Aortic stenosis is the most common form of acquired valvular heart disease in developed countries; it is estimated to occur in 2-4% of the population aged over 65 years old [4]. It is not uncommon to have a hip fracture patient with a cardiac murmur, or even aortic stenosis. It appears that the combination may be associated with a higher morbidity and mortality rate.
Pre-operative cardiac testing has its place in the elective setting. In the emergent situation, the clinician needs to evaluate the risk incurred by waiting for the cardiac testing when compared to the risks associated with the delay to surgery. In a recent national survey of anaesthetists on the perioperative management of hip fracture patients with a previously undiagnosed heart murmur, the responses were mixed. Most anaesthetists would ask for a pre-operative echocardiogram in the presence of suspicious signs or symptoms, whereas 19.8% would be prompted to use invasive monitoring without an echocardiogram [5].
According to Parker et al, regional and general anaesthesia produce comparable results for hip surgery outcome [6]. Pellikka et al [7] reported that surgery may not pose any additional risks for patients with aortic stenosis. There was no report of statistically significant difference in anaesthetic management of hip fracture patients with different severity of aortic stenosis compared to patients without aortic stenosis by Adunsky et al [8]. McBrien et al [9] reported a trend towards general anaesthesia versus spinal anaesthesia in hip fracture patients with varying severity of aortic stenosis; invasive monitoring was also used in some patients. Whilst the pre-operative echocardiogram did not alter the orthopaedic management of the patients, apart from one patient who declined surgery; it appeared helpful in the anaesthetic management. In our patients with aortic stenosis, 1 patient with severe aortic stenosis underwent surgery with peripheral nerve blocks plus sedation, 1 patient with critical aortic stenosis had general anaesthesia, 1 patient with mild aortic stenosis had spinal anaesthesia, and 1 patient with severe aortic stenosis refused surgery. Invasive monitoring was used in none of the patients.
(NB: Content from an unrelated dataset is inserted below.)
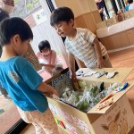 初回の今月、段ボール2個にいっぱいのお野菜がぎっしり!! 可愛い折り紙できれいにデコレーションされてあり、子どもたちは大喜びでした😄 「サニーレタス」「フリルレタス」「わさび菜」「バジル」「大葉」・・・いろんなお野菜がたくさん!!

10% of patients in the 'echo' group had no valvular heart disease. Interestingly, a recent study showed that a cardiac murmur suggestive of aortic stenosis, diagnosed on admission in 908 hip fracture patients was confirmed by echocardiography in only 30% of cases [9]. Abnormal auscultatory findings can lead to unnecessary referral for echocardiogram.
There is controversy regarding the acceptable delay for surgery in hip fracture patients. A recently published guideline advocated timely and co-ordinated multi-disciplinary care and operative intervention at 36 hours for improved outcomes in hip fracture patients [10]. Early surgery is associated with less pain, improved functional outcome, shorter length of stay in hospital and post-operative complications such as: deep venous thrombosis, pulmonary embolism and pneumonia [11–13].
However, optimisation of hip fracture patients with active medical co-morbidities is also important [14, 15]. A systematic review by Shiga et al [16] reported that hip fracture surgery delay beyond 48 hours increased the odds of 30-day mortality by 41% and 1 year mortality by 32%. They commented that due to methologic limitations, definitive conclusions could not be drawn. Another study reported that there was no association between delay in hip fracture surgery and mortality after adjustment for medical co-morbidities [17]. There was no significant difference in the length of stay of the hip fracture patients in the 'echo' compared to the 'non echo' group. We found no significant differences in mortality rates at 30 days in the 'echo' compared to the 'non echo' group.